The Xiaomi SU7 - Wikipedia
The main problem in China is the 4 2 1 demographic, and while immigration could be a quick fix, which young person would wish to emigrate to China under the current regime? A continued high level of capital investment in China is essential, and the 'surprise' could be the consumer.
The structural improvement in the Japanese economy, and some corporations' new-found friendliness to, and respect for shareholders makes this a multi-year overweight.
Chart 3: A modest P/E for participation

Chart 4: MSCI US beginning to lose out to MSCI EAFE - relative performance of US equities to World ex US.

Source: Bloomberg
Note: MSCI EAFE = MSCI Europe, Australia and Far East
Some Sector thoughts:
Technologyremains investable, but the risk does not lie primarily in listed market leaders. Valuations in the listed market for leading technology companies are still just about defensible relative to expected corporate profits growth rates. The vulnerability sits in liquidity across the wider ecosystem. The scale of capital deployed into private technology, AI ventures and tech related private credit means that it would take little to trigger a sharp reassessment. McKinsey estimates global data-centre capex needs could reach $6.7tn by 2030, with $5.2tn of that for AI-capable data centres. OpenAI sits at the epicentre of this ecosystem and must continue to raise capital as data-centre infrastructure scales. A failed or delayed funding round, for any reason, would have meaningful consequences for the sector. The Google AI complex is beginning to outshine that of the OpenAI. Will the US government remain absent from any calls for a bail out? (we hope so). Will Middle East wealth funds provide the necessary capital?

We favour Japanese and Korean technology. It's relevant with production capacity, is an important part of the global eco system and the valuations much more attractive.
Commodities are reasserting their role in portfolios.
Precious metals continue to offer reassurance in a world marked by geopolitical strain and institutional uncertainty, and further upside in gold and silver remains plausible. Beyond that, strategic commodities such as copper are benefiting from competition for supply driven by electrification, data infrastructure, and energy transition policies. Without investment in the grid, there will be no consumption of the data from AI or no AI data produced.
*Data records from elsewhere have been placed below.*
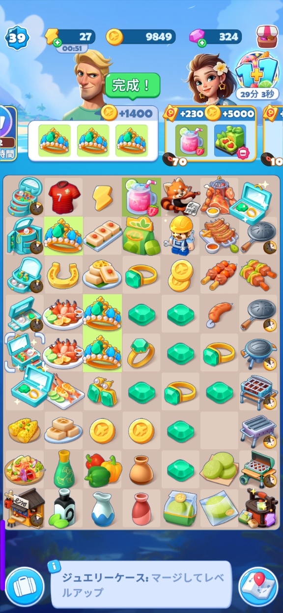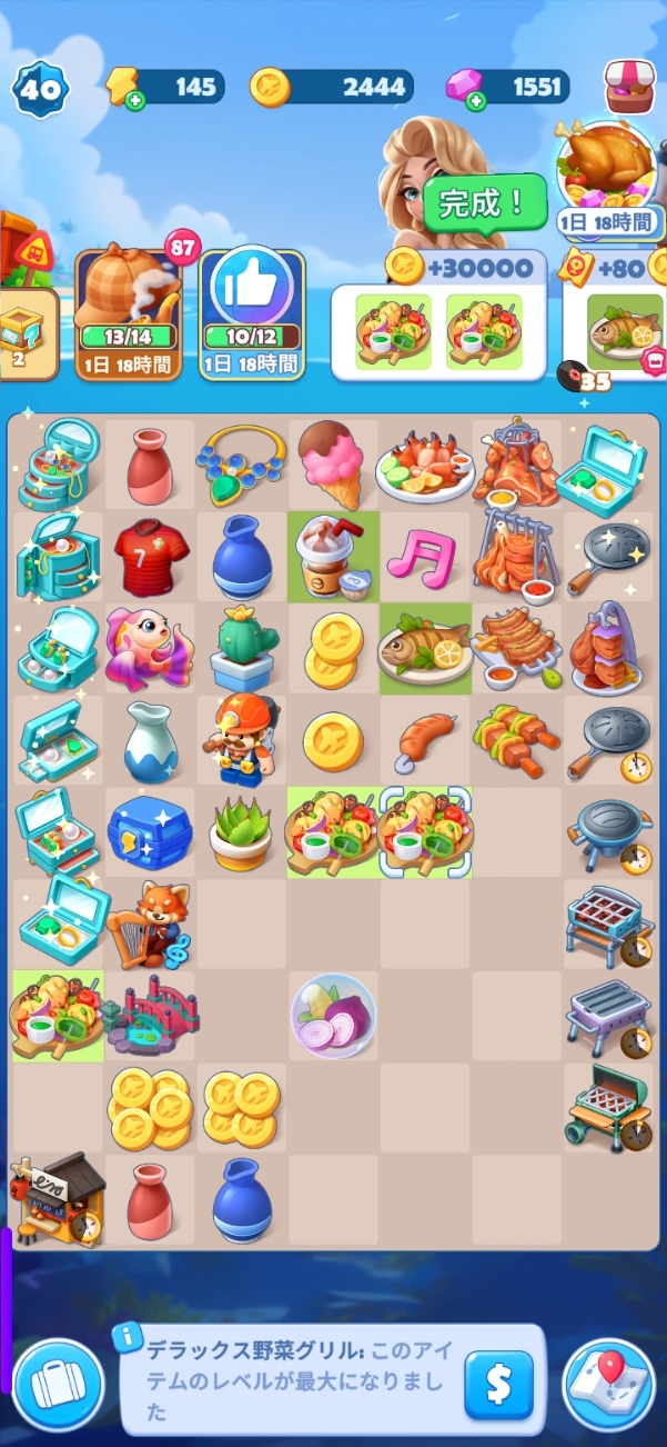 ・コインがなくてレベル35~36でしばらく止まってしまった。その後、グリルを優先して商品を完成させたらコインが大量に手に入って一気に進んだ。
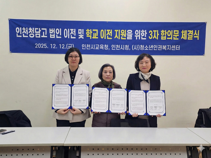 [인천=문찬식 기자] 인천광역시교육청(교육감 도성훈)은 지난 12일 인천시청, 사단법인 청소년인권복지센터 내일과 함께 인천청담고등학교의 법인 이전 및 학교 이전 지원을 위한 3자 합의를 체결했다.
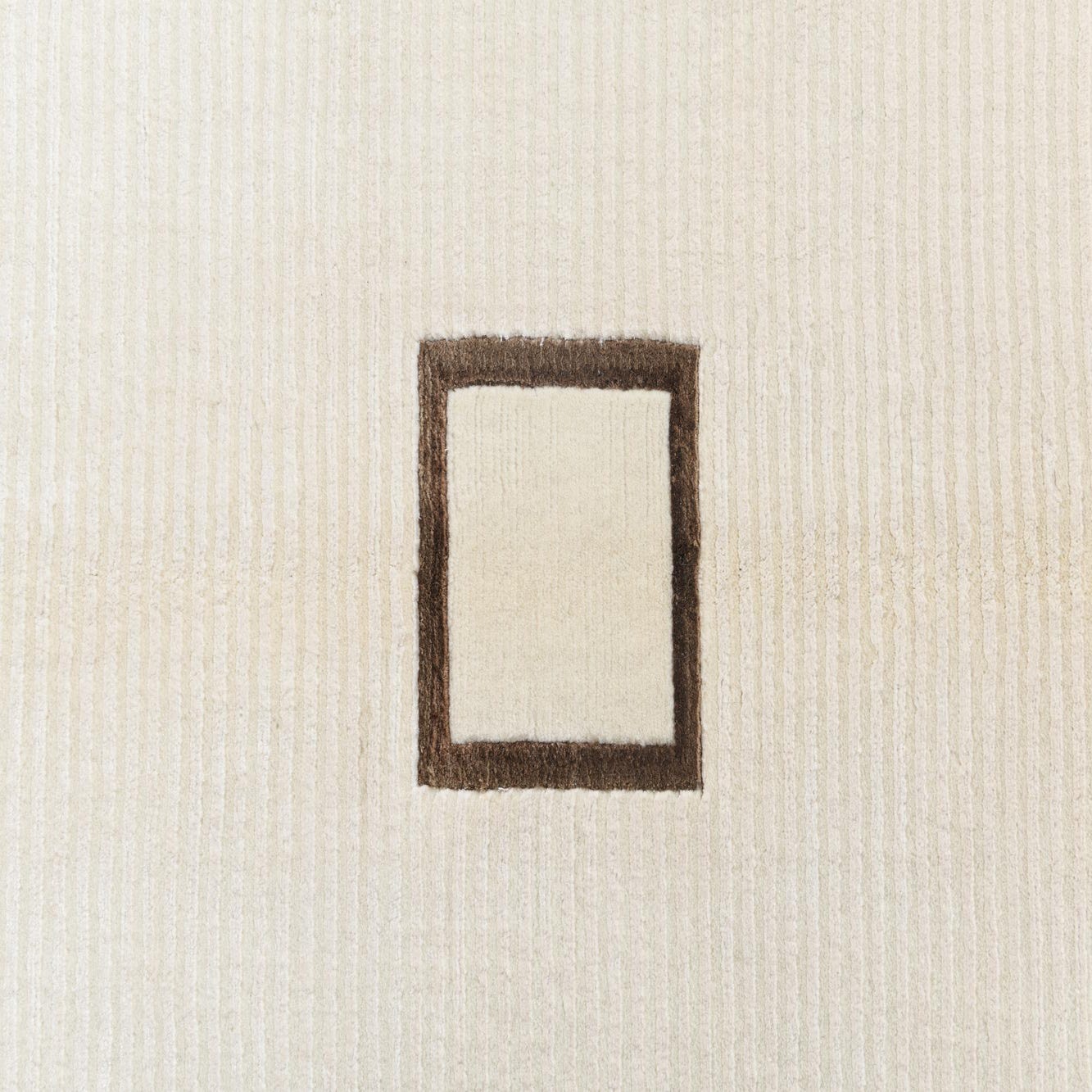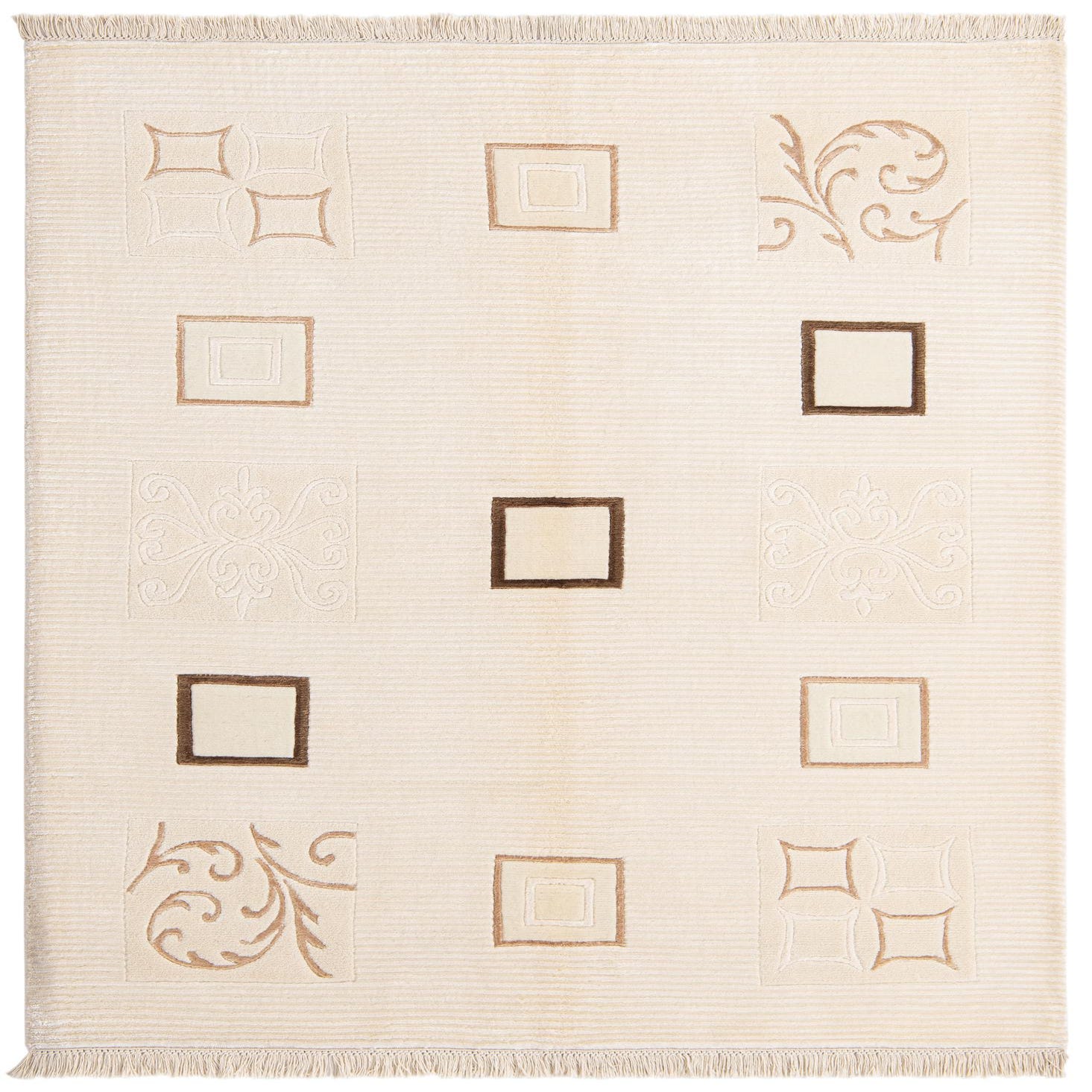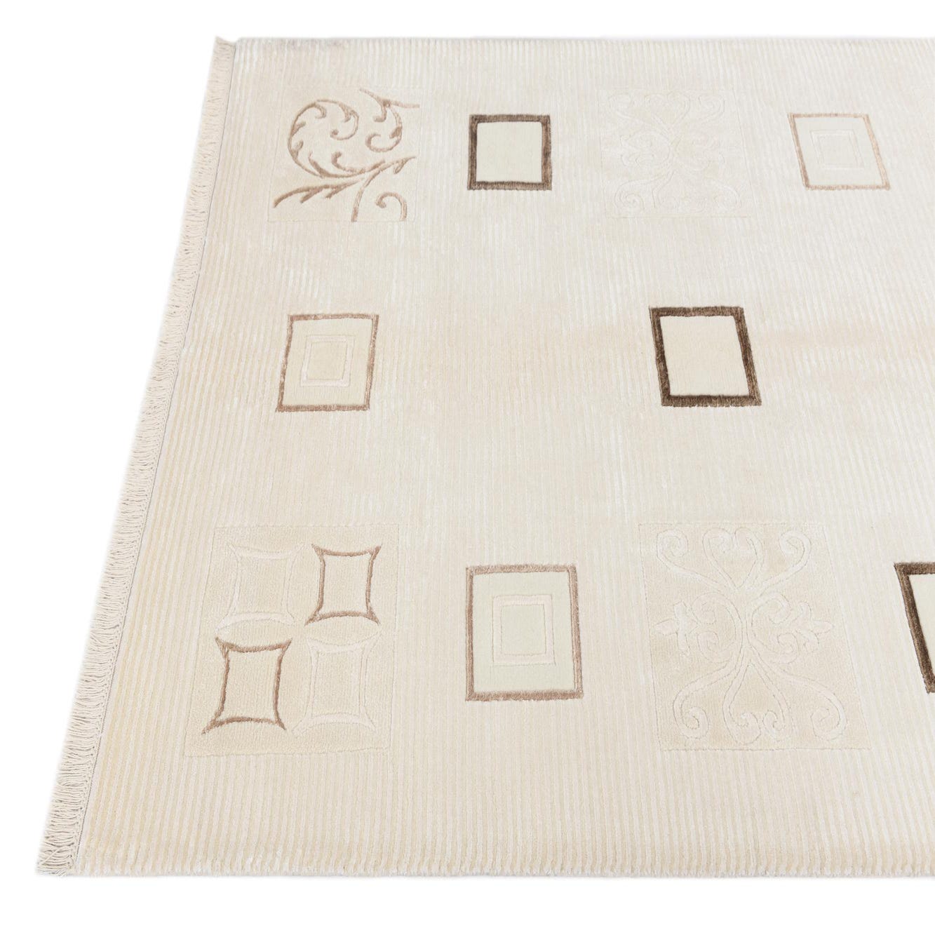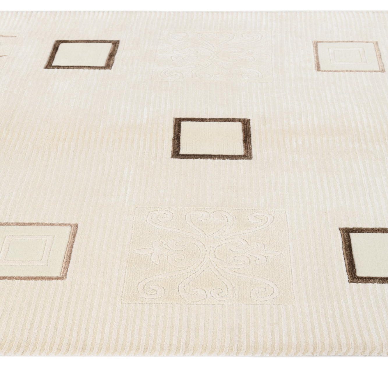 A 4x6 rectangular Darya rug in cream and brown wool, featuring a modern oriental pattern of alternating geometric squares and ornate floral motifs.
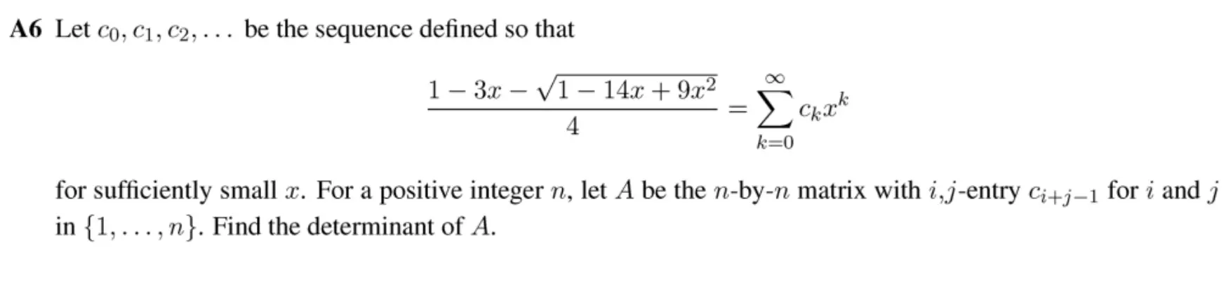 In the 2025 Putnam Competition, over 500 competitors failed to solve a specific matrix determinant problem under the given conditions.
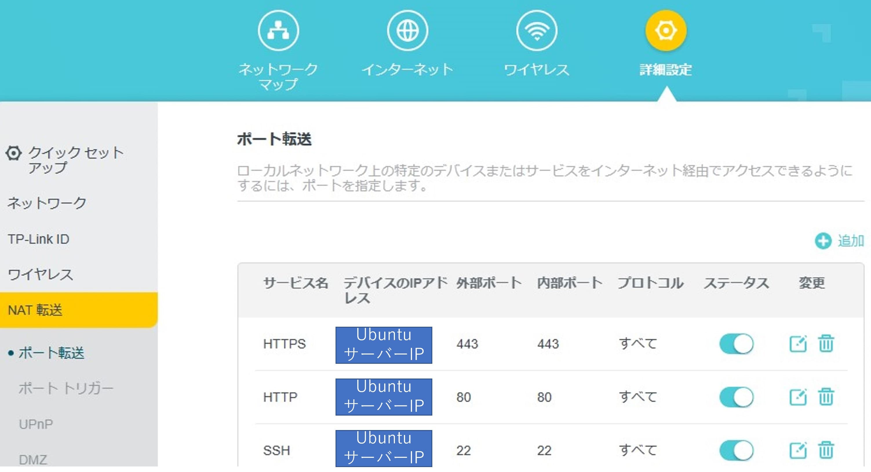 ポートフォワーディングを適用することで、外部ネットワークからSSH接続ができるようにします。DMZではなく、 ポートフォワーディングを利用することで、初心者でも比較的安全なセキュリティを確保できます。 この手順は、ルーターによって設定方法が異なります。今回は、tp-link社を想定します。 ローカルポートフォワーディングとは別物であるので注意してください。
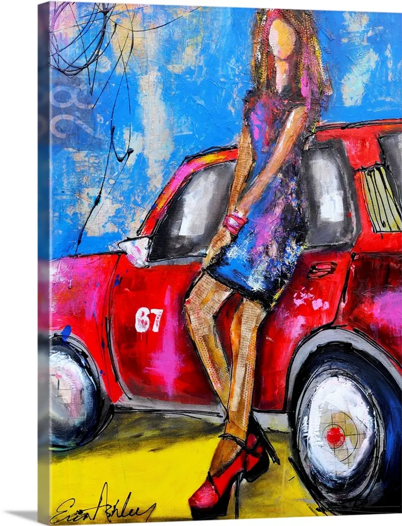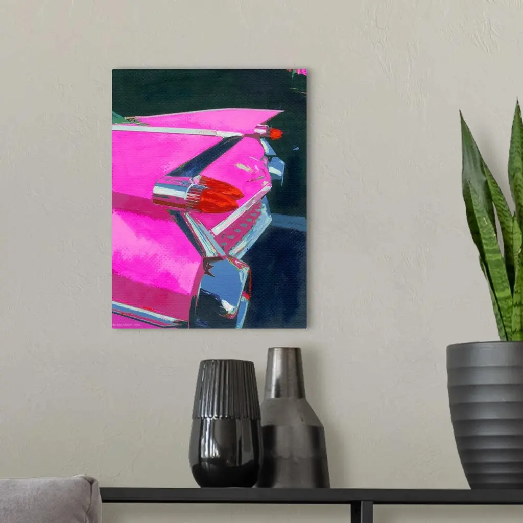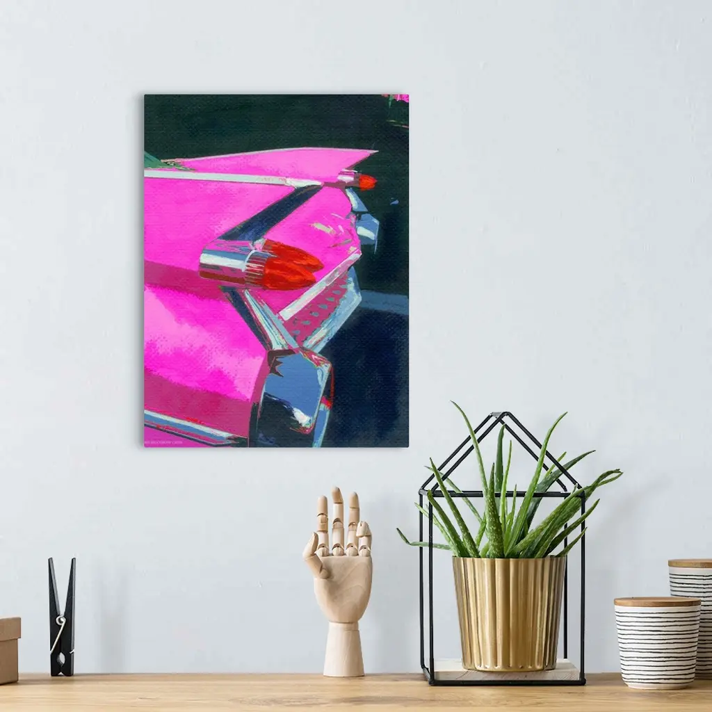 Pink-Fin Painting by RD Randy Riccoboni. An Automotive portrait of a Cadillac in bright Pink offset by blue black chrome and background makes these sexy red tail lights pop off the canvas.
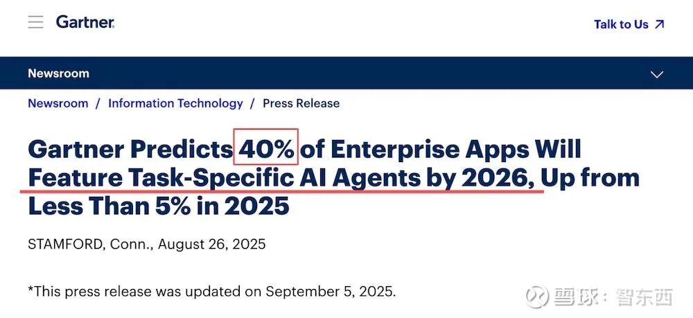 Gartner在2025年发布的预测显示,到2026年将有40%的企业应用集成任务型AI Agent,而在2025年这一比例还不足5%。
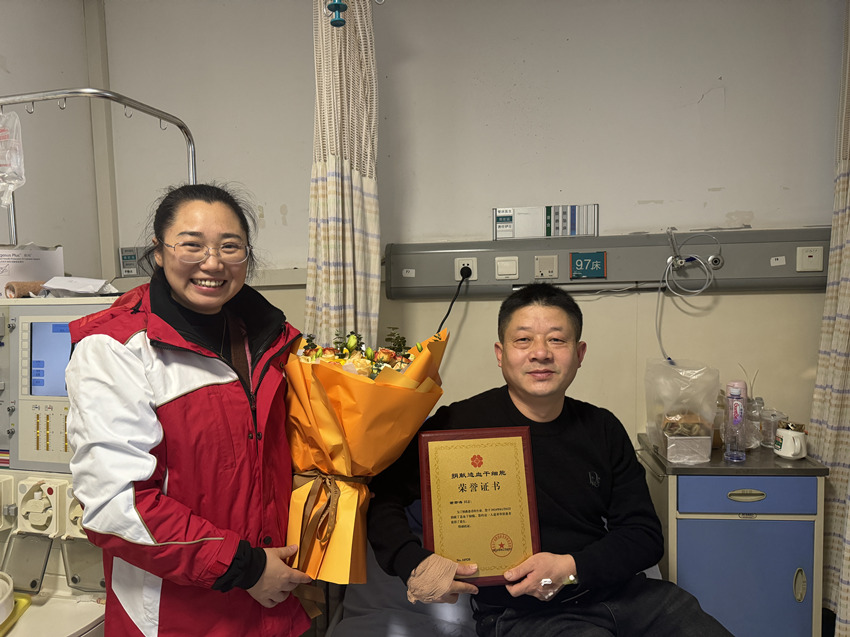 捐獻當天,紅十字會工作人員為謝榜濤(右)送上鮮花和榮譽證書。陳猛攝
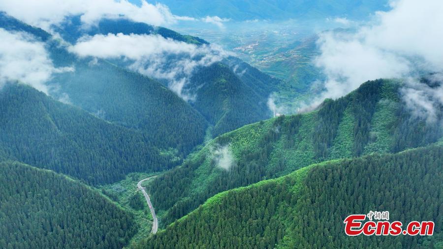 A sea of clouds hover over Xinglong Mountain after summer rain, forming a magnificent landscape in Lanzhou, northwest China's Gansu Province, June 28, 2022. (Photo: China News Service/Zhao Xiangjun)
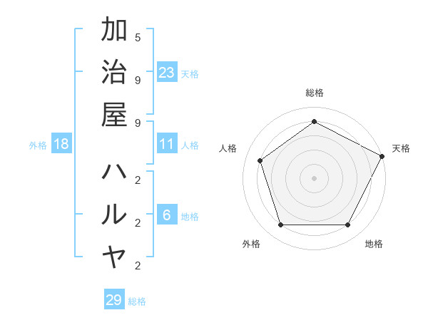 加治屋 ハルヤさんを姓名の画数から五運を鑑定
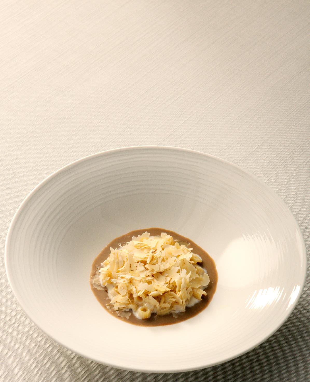 Plating: Strain the milk, separating it from the helichrysum, and bring to the boil. Add salt and 180 g of pasta tubes: cook for 10/11 minutes. When cooked, the milk will have reduced considerably and thickened to form a sort of cream. Turn off the heat and stir in two tablespoons of cannellini bean miso, grated Parmigiano and lemon juice.
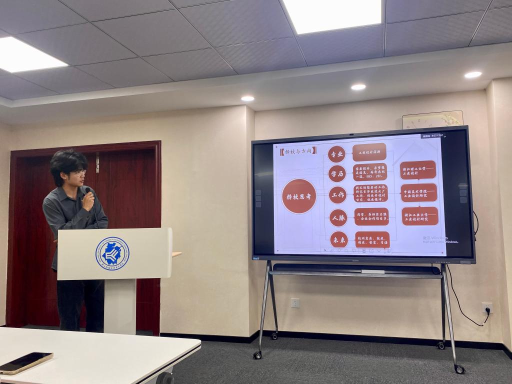 2025年6月3日下午15:50,一场干货满满的考研经验分享会在浙江财经大学东方学院学术中心多功能会议室成功举办。本次分享会由工业设计系王芳老师主持,并邀请到今年成功考入中国美术学院、浙江工业大学的两位学长——2021级产品设计1班的张哲和蔡恒宇,分享了他们宝贵的备考经验。

At current levels of grid investment, the AI snake will eat itself. Grid investment, secure, reliable, power supplies and energy reserves look to be a very safe investment theme. Did anyone mention Venezuela? We have run an infrastructure strategy successfully for many years to focus on this opportunity.

Chart 5: General Commodities lag Gold but for how much longer?
Gold and GSCI equally weighted Index rebased to 100

Source: Bloomberg
In an increasingly multipolar world where different blocs of buyers compete for access to crucial commodities spikes higher in commodity prices are likely to become the norm. A broad range of commodities increasingly look strategic rather than cyclical. In portfolio terms, this is less about inflation hedging and more about strategic optionality, and allocations are likely to rise meaningfully from past norms. We also believe there is a significant opportunity for active managers to access significant alpha to enhance returns. Four decades ago, commodities often accounted for around 15% of global portfolios. That allocation no longer looks implausible.
Risks to this view lie in the interaction of several adverse outcomes rather than any single shock. A renewed inflation surge, a loss of Fed credibility, earnings disappointment driven by margin pressure, a liquidity event in technology or private markets, or a geopolitical disruption to energy or commodity supply chains could combine to produce a more volatile and uneven market outcome. None of these risks alone would necessarily derail markets, but together they would challenge the expectation of a constructive start to 2026 and reinforce the need for portfolios built for uncertainty rather than precision as the year unfolds.